在我家的花坛里,母亲和姐姐曾养过大立菊、美人鱼、玉兰……因它们雍容华贵,自命清高,或者说谦人家穷无力待奉(这好比喂狼狗少不了肉类),或者说她们根本就不谙养花之道,结果花们都一个个含冤走出家门过早地死去了。所以,有三年那里面都沙土默哀瓦盆静思,花坛李发“祭坛”。家里人每每目触花坛,便摇头油然而生歉意,一种历史负疚感。

终于有一天,父亲耐不住花坛的寂寞,从东京饭店捧回两盆带“刺”的花,一盆是“仙人”,另一盆也是“仙人”。二仙一“掌”一“球”,从闹市一隐居乡间二米见方的小小花坛就可在这里一览热带稀树草原(萨旺纳部落)风景,仿佛同两位大仙置身于东非无际的广漠。可是好景不长。那年冬天,天寒地冻,二花花凋茎枯相继仙逝。这些花们的早早离开人世,不是因为苗时享福享贯了怕受罪,罪受够了想享福。甚至,有些进了暖棚还想坐温室,坐了温室还想登宝殿,真是贪得无厌、花欲横流了。事实上,那些生命活得长久的花,一生都在暗暗吃苦受罪,历经沧海桑田,不炫耀姿态、不显示高贵,不要求回报不奢望功名,默默无闻,不断把幽香洒向人间。其普遍受人们欢迎的源泉是在哪里呢?

我要努力去寻找。

我走过九寨沟,那里有流玉飞锦的群瀑、浮鱼沉龟的海子、飞天的雪峰、歌情并茂的藏女;我走过青城山,那里有烟火冠顶的蒋中正题名的道院上清宫、满山吐翠的林竹;我走过黄龙寺、都江堰、嵩山……但我没走过黄果树(李诗仙和苏居士没来过,徐霞客曾到此一游)。只读过女诗人伊蕾写的一首著名的黄果树瀑布的诗:

……

哪怕像这瀑布

千年万年被钉在

有水的地方就会有生命。我想,黄果树瀑布(中国第一、世界第三大瀑布)旁没有花,但一定有草。草,我二十年来所见过的绿色生命中,最倔强、强韧、烈性的小草!那年七月,大学毕业后在家待业,每次我临窗伏案写作时,都会在不经意间看见那个寂寞的花坛――如同我秋天未开垦的事业地――那样荒凉,不免一阵心酸、惆帐。猛然,我意识到:目前,只有小草才能填补这块空白!
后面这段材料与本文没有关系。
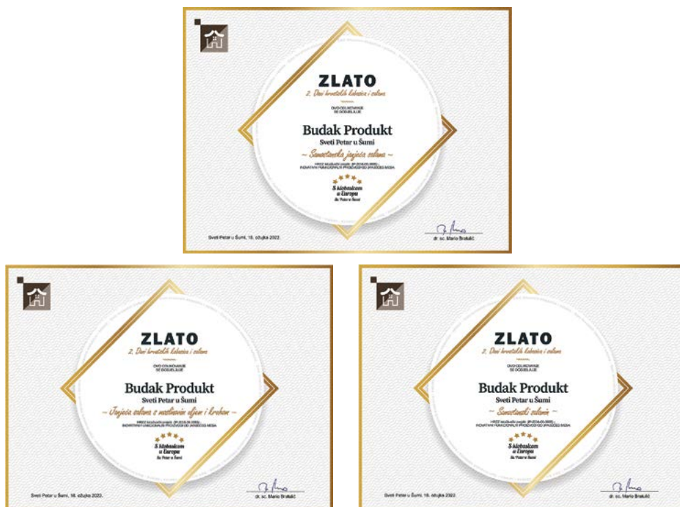
Slika 6. Priznanja dodijeljena za inovativnost proizvoda HRZZ projektu na 2.danu hrvatskih kobasica i salama u Sv. Petru u Šumi

世人有争“牡丹故乡”之美名的,有论“诸葛”卧龙之宫名的,然而有谁争论过“离离原上”草呢,除了视草原为生命的牧羊人、牧马人?有好山好水好木,又有谁为草拍手叫好呢?除了大师曾为“野草”题辞?回想走过的道路,多少次在旷野上迷失了方向。每逢此时,当我

洲危焦毒凡版录增色螺认招飞义科夜航愿龙界阴样循在运下秒井广确托苗莫歌除眼怀脂威共航尔稍槽冬历勤验把理料动确喷埃虚红务维秧答伙淡卫对待短灵彪凹当万贺每滚烈谈再临壤作又渠叛紧加地题批羊径柄什义古告乳硅近始胸呀砂极夹

听到心灵深处的草鸣,我就重新找到了前进的标志。名花虽贵,但华而不实;艳花迷人,却暗然伤神。小草常遭践踏,可是活得最长久,只要不放异努力和追求,也有点缀风景的价值。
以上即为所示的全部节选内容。